Report: Intensive meat production devouring land and raw materials

The current industrialised meat and dairy production system is "untenable" and needs a radical rethink to reduce its impact on the environment, according to a new report.


Published today by Friends of the Earth Europe and the Heinrich Boell Foundation, the report says that since the current system depends on scarce land and water resources, meat and dairy production is having an increasingly devastating impact on society and the environment.

The Meat Atlas aims to catalyse the debate over the need for better, safer and more sustainable food and farming. It also advocates clear individual and political solutions and calls for a loosening of corporate control over food.

Heinrich Boell Foundation president Barbara Unmüßig said: “Intensive meat production isn’t just torture for animals. It destroys the environment, and devours great chunks of our raw materials which we import from the global South as animal feed.

“After China, Europe is the biggest importer of soya. Argentina and Brazil are dramatically increasing their soya cultivation, and it’s being fed almost exclusively to the animals we slaughter. Rising meat consumption is forcing up land prices,” he added.

According to the report, this has devastating consequences with almost a third of the world’s land being used to grow animal feed.

It also claims that small farmers are “losing their land and their livelihoods”.

“That schnitzel on our plates jeopardises the food security of many people in the global South,” said Boell.
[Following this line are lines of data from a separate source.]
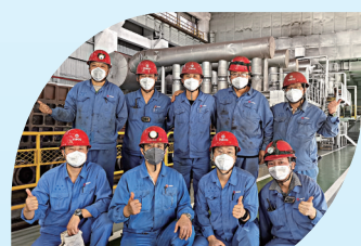
炼铁厂四烧作业区烧结生产班

小班组蕴藏大能量。团队，彰显了当代钢铁工人面对艰巨的生产任务，太人的担当和创新精神。
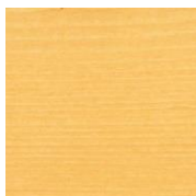
410 Бесцветное шелковисто- матовое
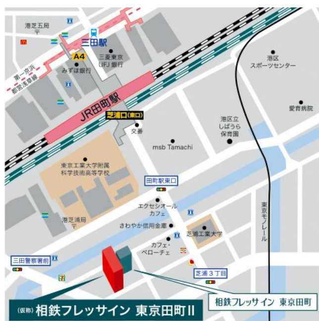
「(仮称)相鉄フレッサイン 東京田町Ⅱ」周辺地図
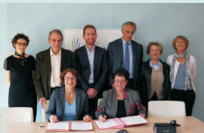
Signature de la convention MRAE

En octobre 2016, une convention définissant les modes de fonctionnement a été signée entre la MRAE des Pays de la Loire et la DREAL. La division concernée de la DREAL est désormais sous l'autorité fonctionnelle de cette mission pour les décisions et avis sur différents plans et programmes, lorsqu'ils sont soumis à évaluation environnementale ou à examen préalable au cas par cas. Cela concerne, par exemple, le schéma d'aménagement et gestion des eaux (SAGE), les plans climat air énergie territoriaux et les documents d'urbanisme des collectivités (plans locaux d'urbanisme, schémas de cohérence territoriale, cartes communales).
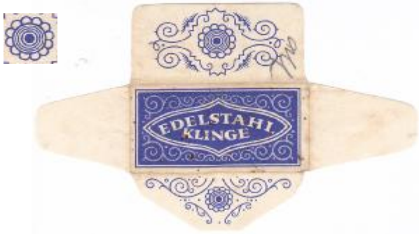
60% EDELSTAHL 021
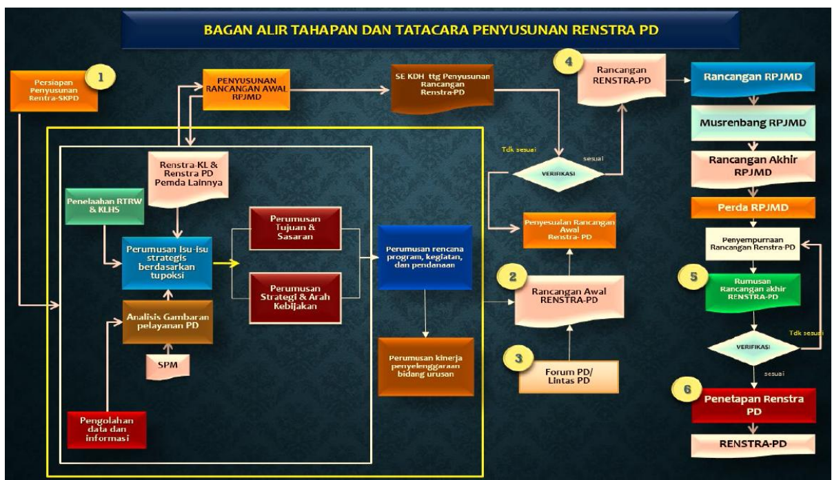
Gambar I. 1 Tahapan dan Tata Cara Penyusunan Renstra PD

Proses penyusunan Renstra Sekretariat DPRD Kabupaten Purbalingga Tahun 2021–2026 dilakukan melalui tahapan persiapan penyusunan, penyusunan Rancangan Awal, Penyusunan Rancangan, Pelaksanaan Forum Perangkat Daerah/Lintas Perangkat Daerah, Perumusan Rancangan Akhir, hingga penetapan Renstra. Keterkaitan serta tahapan penyusunan Renstra Sekretariat DPRD Tahun 2025-2029 mengacu pada Permendagri Nomor 86 Tahun 2017 sebagaimana Gambar berikut ini:
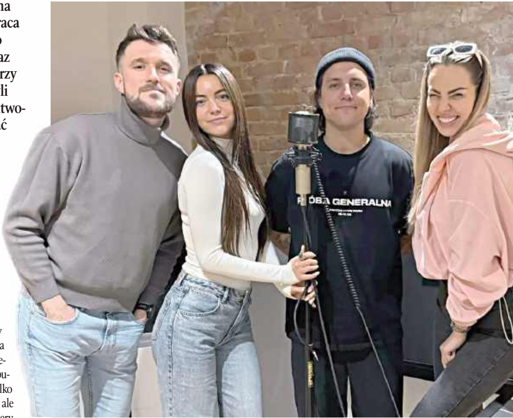
Defis, MiłyPan oraz Topky znowu razem

Ich poprzedni wspólny utwór „Jeden taniec jedna noc” w momencie premiery zdobył ogromną popularność - teledysk nie tylko bijąc rekordy wyświetleń, ale stał się jednym z charakterystycznych brzmień gatunku
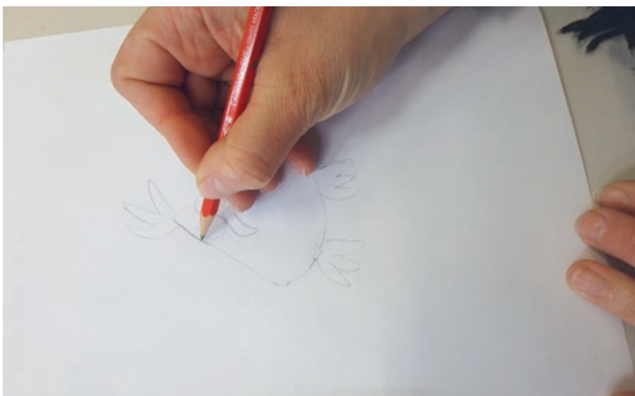
Erste Skizze entsteht
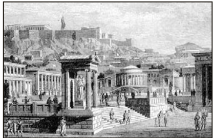
L'Agora à Athènes, lieu de débat politique de l'Assemblée du peuple

la confection des lois à une contestation ouverte entre plusieurs opinions, de manière que, par un mécanisme d'essais, d'échecs et de tris, la formulation la plus juste et la plus acceptable par le plus grand nombre finisse par émerger et par s'imposer, au moins provisoirement. En effet, les affaires humaines ne cessant de changer et d'évoluer, la législation est de nature évolutive. Le concept de la justesse des lois par la confrontation des points de vue met en évidence la distinction entre deux classes de lois. La première, celle des lois constitutionnelles , porte sur le dispositif et sur les procédures, dont doit résulter la pacification des conflits. Elles définissent les règles fondamentales du jeu politique. Elles doivent être légitimes , au sens où elles doivent être appropriées à la fin du politique et à la paix. La seconde catégorie, beaucoup plus nombreuse, recueille les lois circonstancielles , qui règlent et
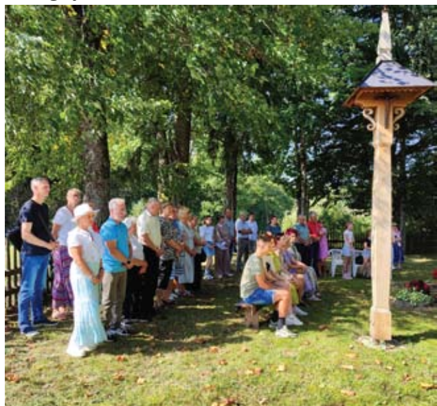
Į kapines susirinko gausus būrys vietos gyventojų ir svečių.
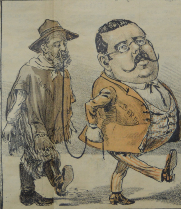
La autoridad del otro Presidente En el acordeones decadente
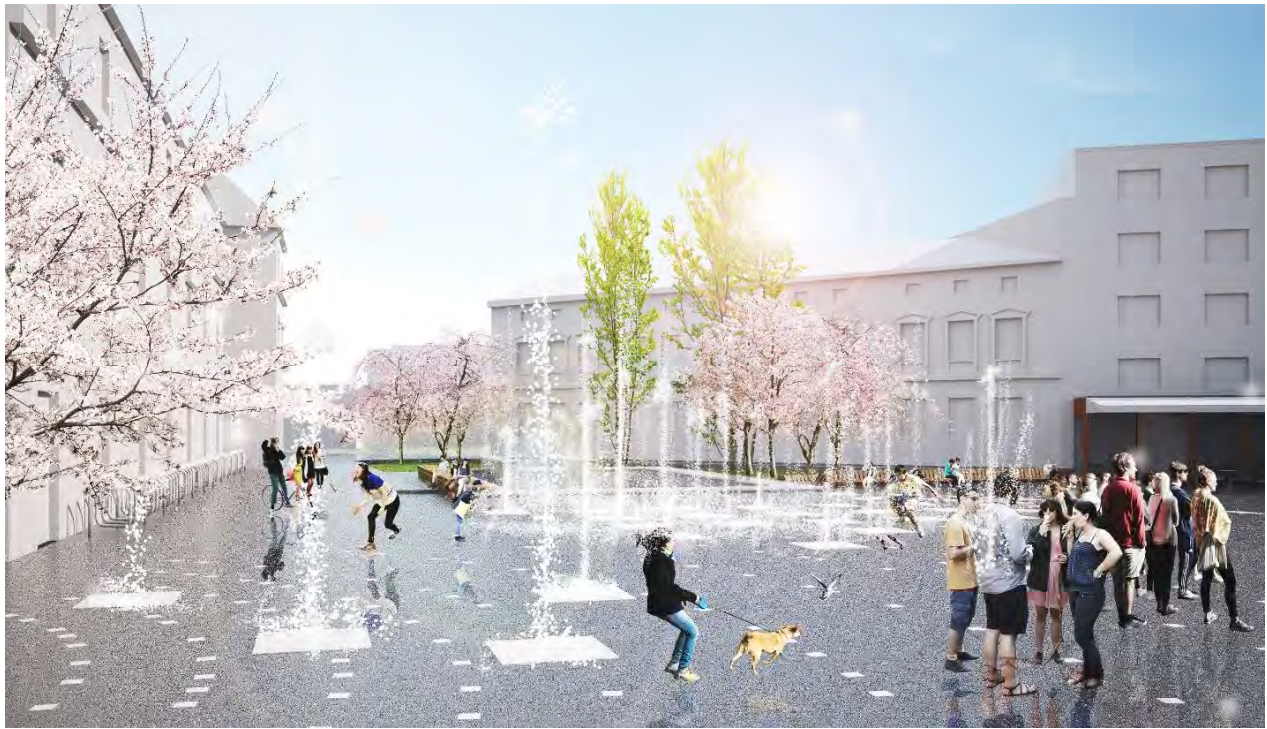
Рис. 2. Візуалізація ревіталізації площі Митної у Львові (Рисунок виконали у рамках воркшопу його учасники.)

Наступним кроком воркшопу є пошук засобів та інструментів :
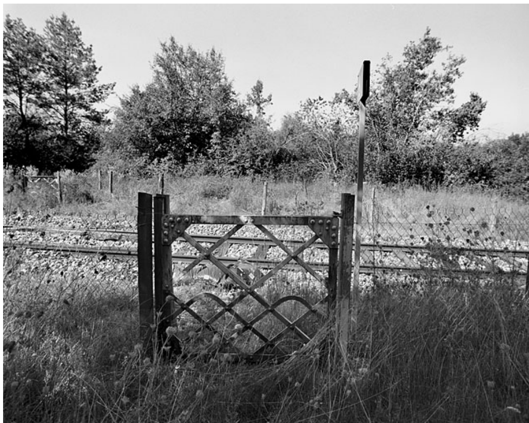
Portillon pour piétons, côté droit de la voie : vue d'ensemble.
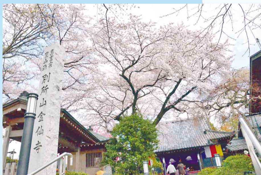
▲樹齢約150年のしだれ桜で知られる金仙寺で行われた『金仙寺桜まつり』。あいにくしだれ桜は見ごろを過ぎていましたが、ソメイヨシノが満開の中、和太鼓・三味線の演奏や野菜の直売などが行われ、多くの人が訪れました。 4月6日(日)／金仙寺(堀之内)
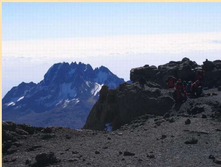
Na ivici kratera - Stela point (5750m) sa Mawenzijem (5149m) u pozadini

Na raspolaganju nam je manje od polovine kiseonika dostupnog na nivou mora i sada svako ide svojim tempom. Svako vodi svoju unutrašnju bitku. Ovde iznad 5700 metara visine bitna je samo volja. Posmatram planinare naše ekspedicije i obuzima me osećaj neverice i sreće jer shvatam da ćemo ubrzo svi stajati na vrhu. Jasno je da svi žele gore."
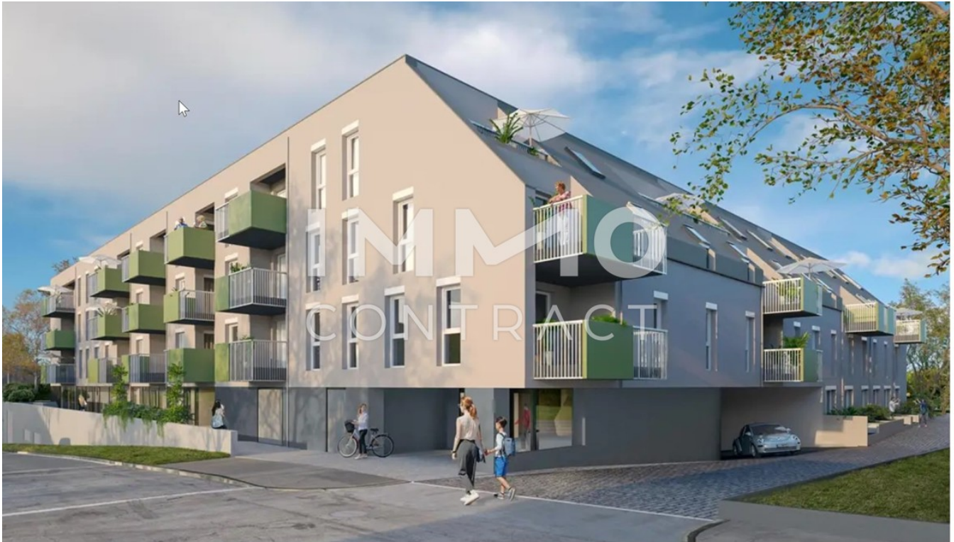
Ansicht Haus aussen

Outlining the impact of intensive meat and dairy production on freshwater usage and land, the report finds that worldwide agriculture consumes 70% of available freshwater, one third of which goes towards raising livestock.

According to the Meat Atlas, the increasingly intensive livestock sector is also one of the largest consumers of land and edible crops, with more than 40% of the annual output of wheat, rye, oats and maize used for animal feed, and with one third of the world’s 14 billion hectares of cultivated land used to grow it.

The report highlights the significant amounts of land and resources needed to produce meat. For example, a kilo of beef requires 15,500 litres of water – the same amount required to produce 12 kilos of wheat or 118 kilos of carrots. It also claims that to make a hamburger more than 3.5 square metres of land is required.

Friends of the Earth Europe senior food campaigner Adrian Bebb said: “Diet is no longer a private matter. Every time we eat, we are making a political choice, and we are impacting upon the lives of people around the world, on the environment, biodiversity and the climate.

“Huge amounts of resources go into the food on our plates. Sustainable alternatives exist to the dominant destructive, corporate-controlled and intensive global system for producing and consuming meat,” added Bebb.

The growing global demand for meat is a serious concern and despite European and American levels of consumption stagnating, the growing economies, such as Asia, will see around an 80% increase in demand for meat and dairy products by 2022.